The test as laid down by the Constitution Bench of this Court for invoking power under Section 319 Cr.P.C. inter alia includes the principle that only when strong and cogent evidence occurs against a person from the evidence the power under Section 319 Cr.P.C. should be exercised. The power cannot be exercised in a casual and cavalier manner. The test to be applied, is one which is more than prima facie case which is applied at the time of framing of charges. Object of engrafting Section 319 Cr.P.C. is not allow a person who deserves to be tried to go scot-free.

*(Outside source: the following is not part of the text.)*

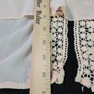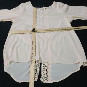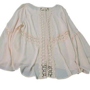 Elan Elegant Womens Sheer Blouse in Pink, size Medium, 100% Polyester with bell sleeves and lace back.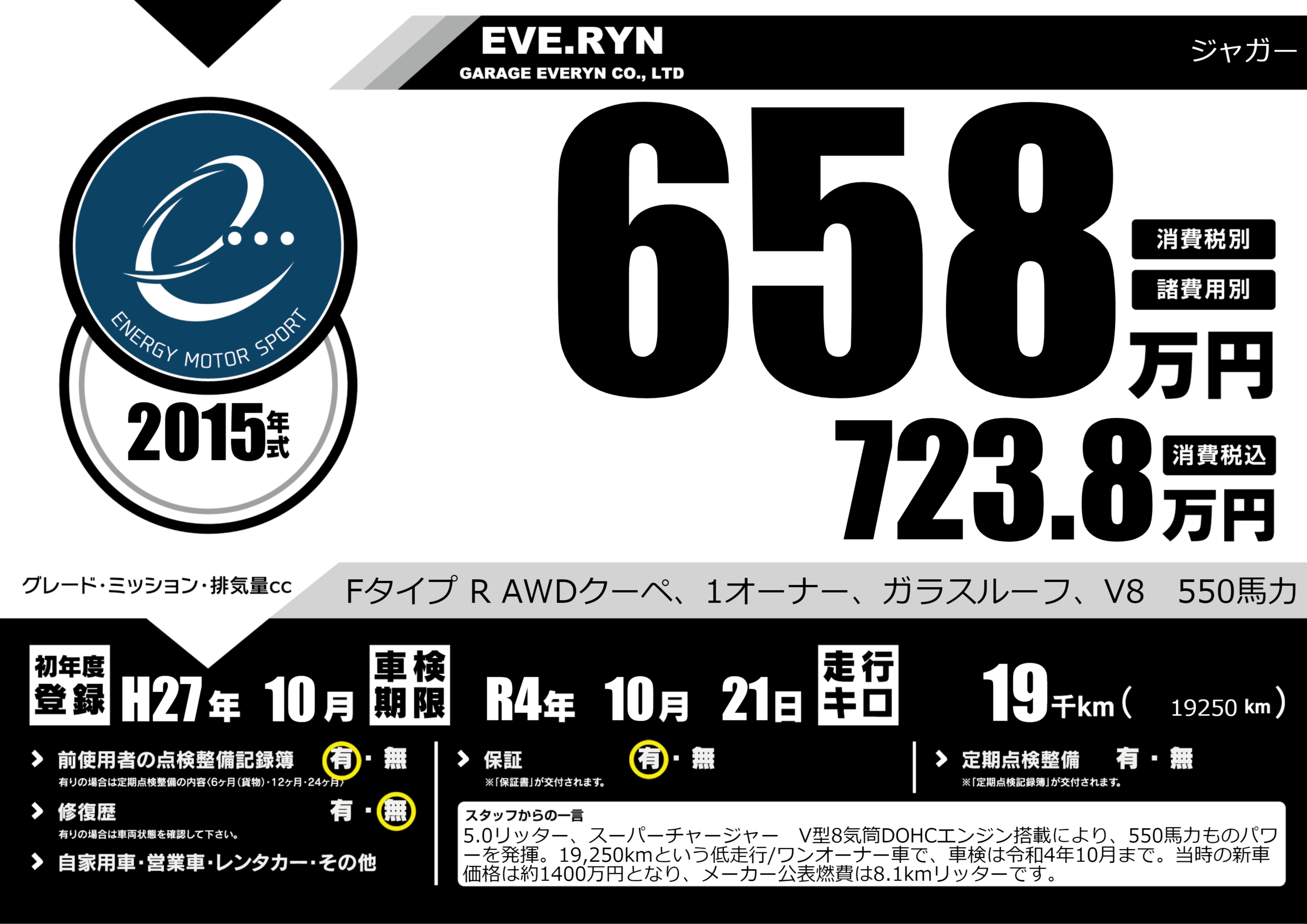 Fタイプ R AWDクーペ、1オーナー、ガラスルーフ、V8 550馬力 |

In the present case, appellant was not named in the F.I.R. The name of appellant came when second application was moved by informant on the basis of knowledge received by him by the injured witnesses. All the injured witnesses assigned the role to the appellant in the statement under Secton161 Cr.P.C. but the name of appellant was wrongly exonerated by the I.O. From the strong and cogent evidence on record it is prima facie proved that appellant was present at the site of incident with pistol and threatening the others not to intervene and protect the victim. In furtherance of common object so far as PW-1 was not eye witness. Reliability/admissibility of the evidence is not to be judged at this state. Against the appellant there is more than prima facie case exists and trial court has rightly summoned the appellant under Section 319 Cr.P.C. It is a murder of 19 years old young boy and six persons are injured.
On the basis of above discussion, this Court is of the view that there is no illegality, material irregularity in the impugned order and does not require interference by this Court and thus, impugned order is not liable to be set aside on the grounds mentioned in this appeal.
This criminal appeal has no force and is dismissed.